Он ведь к тому времени будет уже мертв. И какая погода послезавтра будет, не узнает. Он будет мертв. Не узнает, пойдет ли снова дождь завтрашней ночью. Но это ладно, кого волнует дождь.

А странно все же: вот ты тут, можешь сидеть и считать от одного до тысячи, а послезавтра будешь уже воздушным существом или душой, перерожденной в другом человеке или в животном, душой, почти забывшей мельника, который ты есть сейчас, — а если ты какой-нибудь хорек, или курица, или воробей на дереве и не помнишь даже, что был однажды мельником, размышлявшим о движении луны, если вот ты прыгаешь себе с ветки на ветку и думаешь только о зернах, ну и о канюках тоже, то какое тебе дело до того, что когда-то ты был мельник?

Он вспоминает, что мастер Тильман говорил, будто можно попросить добавки. «Позови да попроси, — сказал он, — ешь, сколько влезет, уж это в последний раз».
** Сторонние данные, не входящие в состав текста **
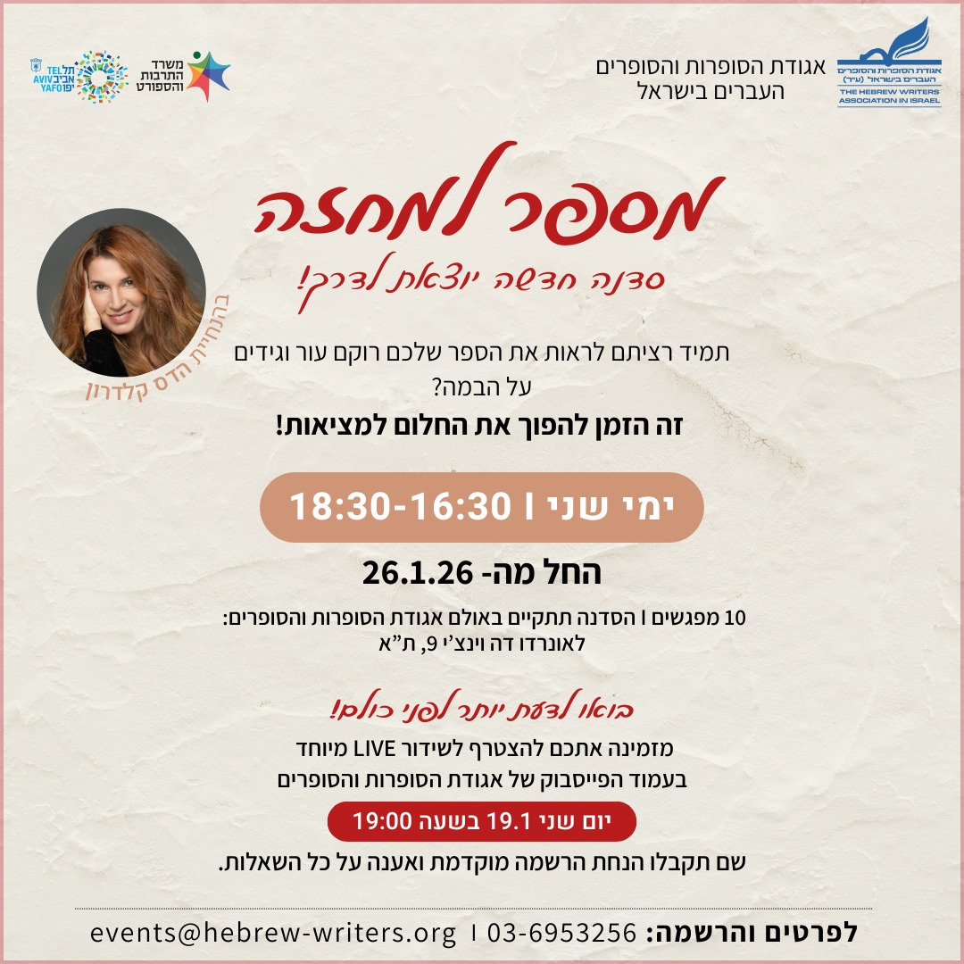 מתחילים ב-26.1.26 | ימי שני 16:30-18:30 - לאונרדו דה וינצ'י 9 (אולם אגודת הסופרות והסופרים)

И Клаус зовет его. Зовет с набитым ртом, перед ним еще лежит мясо, и пирог тоже еще есть, но, если можно попросить добавки, к чему ждать, пока еда на тарелке кончится? Вдруг те передумают? Он снова зовет. Дверь и вправду открывается.

— Можно еще?

— Всего?

— Всего, пожалуйста.

Мастер Тильман молча выходит, а Клаус берется за пирог. Жуя теплую, мягкую, сладкую массу, он вдруг понимает, что ему всегда хотелось есть: днем и ночью, утром и вечером. Это ощущение пустоты внутри, от которой слабеют руки и колени и путаются мысли, — он просто забыл, что значит это чувство. Можно было, оказывается, жить без него, можно было так не мучиться, это был просто голод!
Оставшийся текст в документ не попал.